В. П. Крейд в своей монографии «Георгий Иванов», из цикла ЖЗЛ указывает на биографический подтекст стихотворений. Иван Бунин называл Иванова болгарином. Почему именно так? Дело в том, что отец последнего служил при первом правителе болгарского княжества Александре Баттенбергском. Предки Иванова были участниками крестовых походов. Именно этому биографическому факту посвящено стихотворение: « Упал крестоносец средь копий и дыма…». Мотив креста занимает одно из первых мест в творчестве Иванова. Крест – как миссия, как судьба, которую человек вынужден сознательно нести по жизни земной, чтобы обрести покой в ином мире. Нести этот крест помогает любовь и надежда на то, что там, за занавесом земной жизни настанут лучшие времена.

Из вышесказанного вытекают следующие черты поэтики Георгия Иванова, выделенные Г. Давыдовым в статье «Говорили, что ему нужна катастрофа»:

Внимание в детали. Например, в стихотворении: «Беспокойно сегодня мое одиночество…» при описании портрета прапрадеда Василия обращается внимание на такие детали, как:

«Темно-синий камзол отставного военного,

Арапчонок у ног и турецкий кальян.

В заскорузлой руке — серебристого пенного

Круглый ковш. Только, видно, помещик не пьян…».

Описанные детали показывают, что портрет для лирического героя оживает:

«Как живой, прямо в душу глядит в полотна…».

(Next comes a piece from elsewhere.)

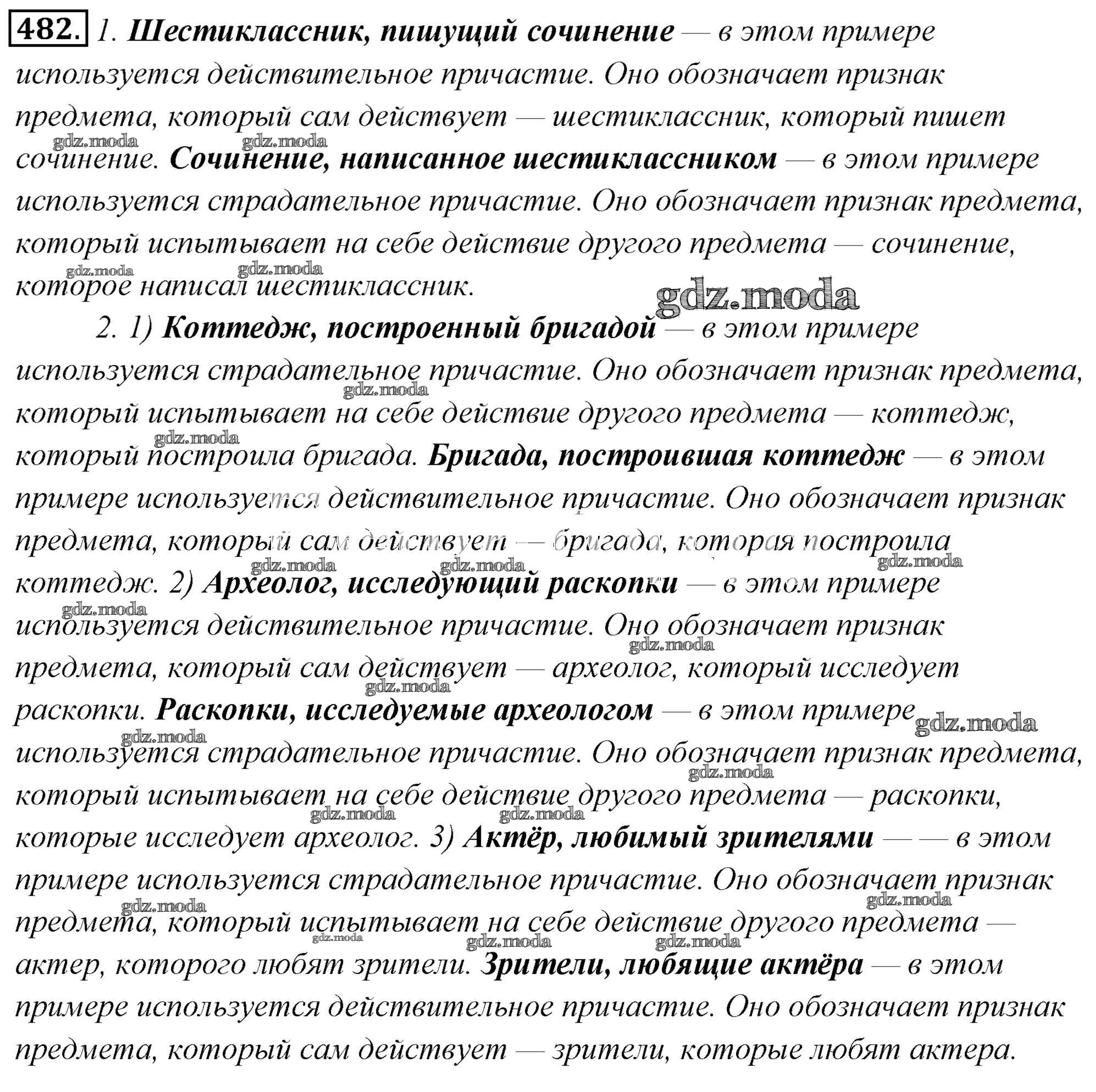 ГДЗ решение к заданию № 482 Русский язык 6 класс Львов Мнемозина 2013 Часть 1, Часть 2 ФГОС бесплатно на гдз.мода!

В данном стихотворении обнаруживаются и другие черты поэтики, такие как цитатность и музейность. Оживление портрета – это довольно известный сюжет не только в русской, но и зарубежной литературе. Например, в романе Оскара Уальда «Портрет Дориана Грея» наблюдается оживление портрета. Портрет стареет, а человек остается таким же молодым. Данная мысль выражена в статье Л. Костюкова «Нулевой круг рая». Преображение поэта Иванова в Иванова – человека представляет собой сделку Фауста и Мефистофеля либо историю портрета Дориана Грея. Когда неодушевленный предмет забирает себе душу героя, а герой умирает при жизни.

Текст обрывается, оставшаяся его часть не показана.